> **PROBLEM DESCRIPTION**
In the records below, find the line with "Scratch-Off Sticker is", then retype it and every following line exactly, stopping after the line with "Nicholas Wadada, jugador". Leave the pictures out.

[Stored records]

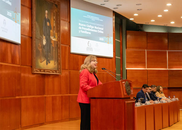 “Para la implementación efectiva del Código Nacional de Procedimientos Civiles y Familiares (CNPCyF) se prevé establecer procesos de profesionalización y actualización permanente y periódica para todo el personal, que garanticen un alto nivel de calidad en su desempeño, con base en ello, la Comisión Multidisciplinaria para su implementación en el Poder Judicial de Michoacán, ha identificado como prioritaria la capacitación en los cambios introducidos en este ordenamiento”, destacó la magistrada Monserrat Pérez Marín quien funge como coordinadora de la Comisión, durante la inauguración del Foro de análisis y formación judicial en el Nuevo CNPCyF.
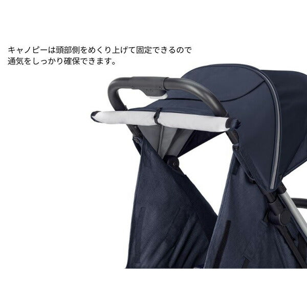 大型キャノピーはUPF50+でしっかり日差しを遮り、ファスナー伸長式で必要に応じて2段階に長さを変えられます。開閉式のメッシュウィンドウ付きでシートに風を通すことができ、頭部側はめくりあげて固定することができるので更にしっかり通気が確保できます。リクライニングは110~170°の間で無段階調整、フットレストは2段階に調整可能です。
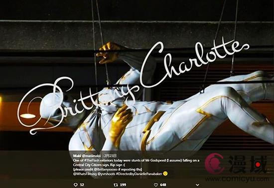 近期一名粉丝莅临《闪电侠》位于加拿大温哥华的片场,看见剧组正在拍摄传闻单集标题为“神速”(Godspeed)的第五季第十八集,并窥见身着“神速”白色经典服装的人物吊钢丝悬在半空中,坠落在挂着中央市市民招牌的大楼面前。
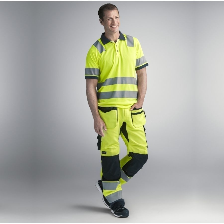 Diese moderne, gut sichtbare Arbeitshose kombiniert erstaunliche Passform und strapazierfähigen Komfort mit fortschrittlicher Funktionalität. Mit professionellem Knieschutz, eingebauter Belüftung und Stretchmaterial im Schritt bist du perfekt und komfortabel ausgestattet. EN 20471, Klasse 2. EN 14404
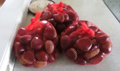 ↑広い畑や竹林をもっている友人から栗送っていただきました。とても大きな実です。
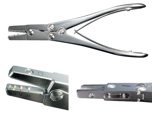 The Burr-Free Plate Cutter is an instrument for the cutting of plates in the already existing Compact Midface System. The instrument is therefore suitable for use on midface plates from 1.0 mm to 2.0 mm in size. Markings on the side of the instrument indicate the correct position of the plates as well as the direction of insertion. The contours on the cut implants are burr-free, even if the instrument has been used in long term. Its ergonomic design results in improved handling properties and reduced amount of needed instruments.
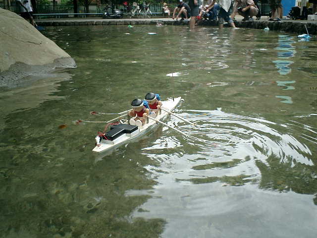 家のお風呂では動かす事ができませんので、公園の噴水で試運転走行する事にしました。
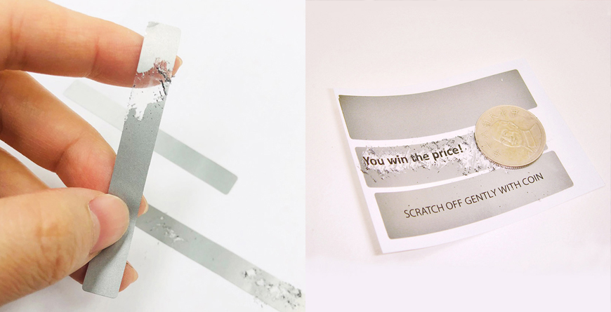 Scratch-Off Sticker is a functional and interactive finishing technique in which a special scratch-off ink is applied to a designated area, allowing hidden information to be revealed with a simple scratch. This feature is widely used for lottery or promotional stickers, interactive marketing labels, serial number verification labels, security labels, or password concealment stickers. It not only enhances consumer engagement but also adds security and unique value to the sticker. With Kang Yang's professional production process and precise coating technology, the scratch-off layer adheres evenly and securely, ensuring a high-quality interactive experience and reliable anti-counterfeit protection.
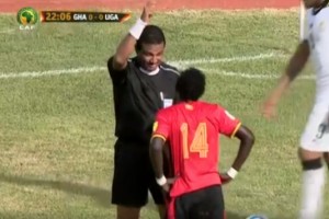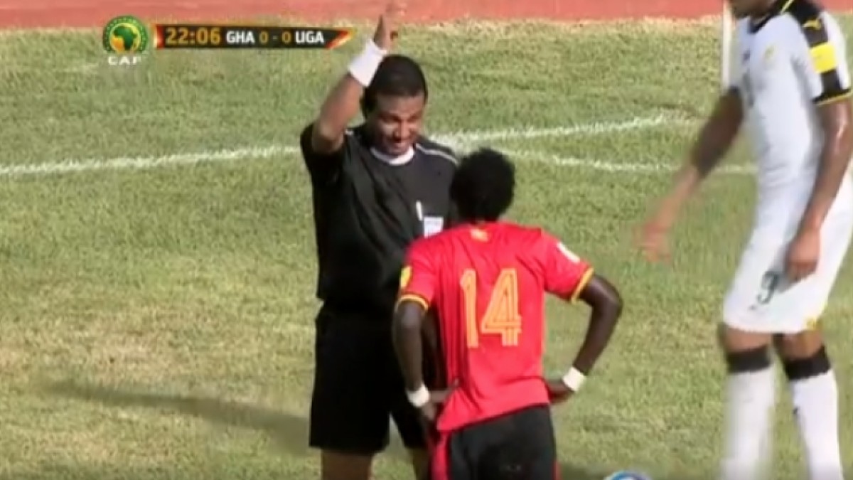 Nicholas Wadada, jugador de Uganda, había cometido una infracción, pero El Fadil sorprendió al levantar su brazo para amonestarlo pero sin mostrarle ninguna tarjeta.
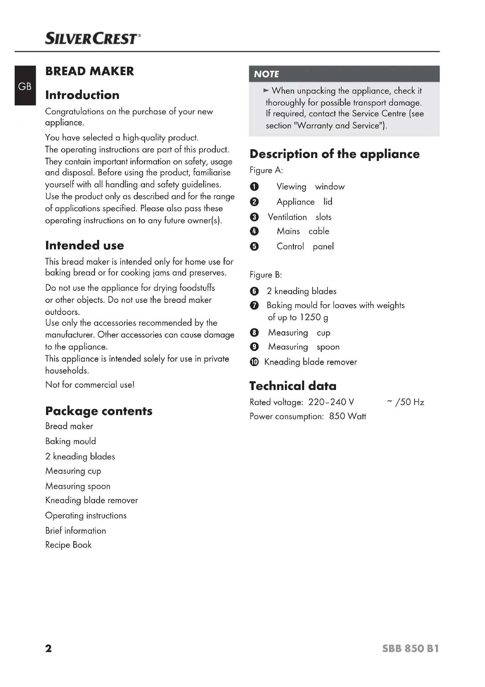 BREAD MAKER Introduction Congratulations on the purchase of your new appliance. You have selected a high-quality product. The operating instructions are part of this product. They contain important information on safety, usage and disposal. Before using the product, familiarise yourself with all handling and safety guidelines. Use the product only as described and for the range of applications specified. Please also pass these operating instructions on to any future owner(s). Intended use This bread maker is intended only for home use for baking bread or for cooking jams and preserves. Do not use the appliance for drying foodstuffs or other objects. Do not use the bread maker outdoors. Use only the accessories recommended by the manufacturer. Other accessories can cause damage to the appliance. This appliance is intended solely for use in private households. Not for commercial use! Package contents Bread maker Baking mould 2 kneading blades Measuring cup Measuring spoon Kneading blade remover Operating instructions Brief information Recipe Book NOTE ► When unpacking the appliance, check it thoroughly for possible transport damage. If required, contact the Service Centre (see section "Warranty and Service"). Description of the appliance Figure A: Viewing window Appliance lid Ventilation slots Mains cable Control panel Figure B: 2 kneading blades Baking mould for loaves with weights of up to 1250 g Measuring cup Measuring spoon Kneading blade remover Technical data Rated voltage: 220–240 V

> **EXERCISE OUTPUT**
 Scratch-Off Sticker is a functional and interactive finishing technique in which a special scratch-off ink is applied to a designated area, allowing hidden information to be revealed with a simple scratch. This feature is widely used for lottery or promotional stickers, interactive marketing labels, serial number verification labels, security labels, or password concealment stickers. It not only enhances consumer engagement but also adds security and unique value to the sticker. With Kang Yang's professional production process and precise coating technology, the scratch-off layer adheres evenly and securely, ensuring a high-quality interactive experience and reliable anti-counterfeit protection.
 Nicholas Wadada, jugador de Uganda, había cometido una infracción, pero El Fadil sorprendió al levantar su brazo para amonestarlo pero sin mostrarle ninguna tarjeta.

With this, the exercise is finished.